Where does federal plenary power over immigration come from? For a long time now, scholars have pinpointed the definitive starting point in the 1889 Supreme Court case of Chae Chan Ping v. U.S. (aka The Chinese Exclusion Case), which announced that immigration control was “an incident of sovereignty” and thus a matter for Congressional—not state or judicial—power. In an excellent new article, historian Hidetaka Hirota challenges this basic assumption. He argues convincingly that federal plenary power arose not only from the Court’s reading of international and constitutional law, but also from a long history of state practices of migrant policing and control. The federal government took political, administrative, and procedural cues from the state immigration regimes that predated Chinese Exclusion, particularly those in the influential states of New York and Massachusetts.

Hirota is not the first to look at state immigration power. As he acknowledges, Gerald Neuman and Kunal Parker have done foundational work in this area, exploring the ways that state regulation of the poor and of fugitive slaves served as precursors to federal immigration control. Hirota’s focus is on the ways that states dealt with foreigners arriving from Europe in ports along the Atlantic coast. The border that mattered in this period was a coastal one, not a land border. With no modern visa system in place, state officials had no control over who would seek to land on their shores. Hirota recounts how the Atlantic seaboard states developed a comprehensive approach to preventing or limiting the migration of the poor, as well as removing them after entry if necessary. State officials created boards of immigration to oversee efforts and devised systems of bonds and taxes. Ship captains who brought passengers who were “likely to become permanently a public charge” had to supply bonds in the event that a passenger required poor relief. If the ship companies did not provide the bonds for those passengers, state officials would prohibit the passengers in question from landing. Ship companies would have to return the passengers to Europe on their own dime. States also charged a head tax (in lieu of bonds or in combination with them), which was a fee on all healthy passengers. This was used to offset the cost of receiving destitute passengers. Of course, these taxes would give rise to the Passenger Cases in 1849 and to Henderson v. New York in 1876. In combination, these cases greatly limited the states’ power to tax passengers, based on the Supreme Court’s interpretation of the Commerce Clause.

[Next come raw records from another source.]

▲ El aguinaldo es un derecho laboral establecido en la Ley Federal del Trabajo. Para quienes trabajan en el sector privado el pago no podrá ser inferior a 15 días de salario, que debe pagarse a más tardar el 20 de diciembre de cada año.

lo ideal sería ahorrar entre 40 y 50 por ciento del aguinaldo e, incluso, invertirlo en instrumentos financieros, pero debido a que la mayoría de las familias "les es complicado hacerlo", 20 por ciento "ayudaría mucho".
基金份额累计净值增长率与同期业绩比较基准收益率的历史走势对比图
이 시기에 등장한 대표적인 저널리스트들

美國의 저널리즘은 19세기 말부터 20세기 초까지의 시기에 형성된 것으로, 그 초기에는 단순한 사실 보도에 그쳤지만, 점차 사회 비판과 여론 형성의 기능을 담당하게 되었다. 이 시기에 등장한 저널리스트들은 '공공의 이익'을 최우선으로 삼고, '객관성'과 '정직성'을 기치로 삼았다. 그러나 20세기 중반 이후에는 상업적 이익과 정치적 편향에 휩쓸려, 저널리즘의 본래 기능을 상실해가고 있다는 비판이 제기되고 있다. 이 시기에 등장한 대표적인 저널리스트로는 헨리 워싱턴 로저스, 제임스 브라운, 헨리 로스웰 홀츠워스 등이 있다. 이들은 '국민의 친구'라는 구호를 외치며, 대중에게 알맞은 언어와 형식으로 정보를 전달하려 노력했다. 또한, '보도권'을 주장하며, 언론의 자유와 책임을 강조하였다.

The story so far recounted is a relatively familiar one, but what follows is new. Hirota demonstrates that the state experience with barring destitute migrants led directly to federal exclusionary measures. He connects the dots with clear evidence. States, fearful of the loss of revenue after Henderson, worked together to pass federal legislation that looked just like the extant state laws. State officials in New York and Massachusetts collaborated on draft bills that were sent to Congress. As a Massachusetts official explained of a draft bill, it was “an extension to the whole nation and under the authority of law, of the old state system of dealing with immigration.” (P. 1097.) The resulting federal Immigration Act of 1882 had several provisions that were taken directly from state practices: the bill included a tax to pay for the care of destitute migrants, it excluded those “likely to become a public charge,” as well as criminals and the mentally disabled, and it made ship captains liable for the cost of return passage of excluded migrants.

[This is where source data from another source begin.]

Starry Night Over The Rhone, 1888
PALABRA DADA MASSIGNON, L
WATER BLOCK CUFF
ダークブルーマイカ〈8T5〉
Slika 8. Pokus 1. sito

The influence of state governments over federal exclusion went deeper than legislative lobbying to include the implementation and administration of the new act. For almost a decade, the federal government relied on state officials to inspect migrants entering the ports and to decide who was excludable. Federal officials even reimbursed state boards for the cost of removing excludable immigrants after entry. After 1891, this “state-federal joint administration” was nationalized: Congress created a federal core of officials to administer the law. But state influence continued; as Hirota recounts, many of these new federal officials were themselves former state inspectors.

Hirota argues that the presence and active involvement of state officials had a lasting impact on the treatment of migrants themselves in the federalized system. His research helps to explain a long-standing conundrum about immigration law: the remarkable lack of due process protections and the enduring presence of unchecked discretion. He recounts how state officials had acted with virtual impunity before the 1880s in removing paupers. He argues that this approach, which vested broad discretion in state officials, was then taken on and naturalized in federal efforts. As he writes, “In making federal immigration law more comprehensive, policy makers simply codified what had become the norm in the practical enforcement of immigrant exclusion and deportation.” That norm included “practically unrestricted power over immigrants.” (P. 1107.)

Hirota successfully moves nineteenth-century immigration history out of the powerful shadow of Chinese Exclusion. He demonstrates that state economies, not just racial animus, were at the heart of decisions about exclusion of migrants, and that the Atlantic seaboard states had a disproportionate influence on the federal legislation and procedure that resulted. His work is an excellent corrective to the standard narrative of federalism and migration control and it is sure to stimulate new historical inquiry.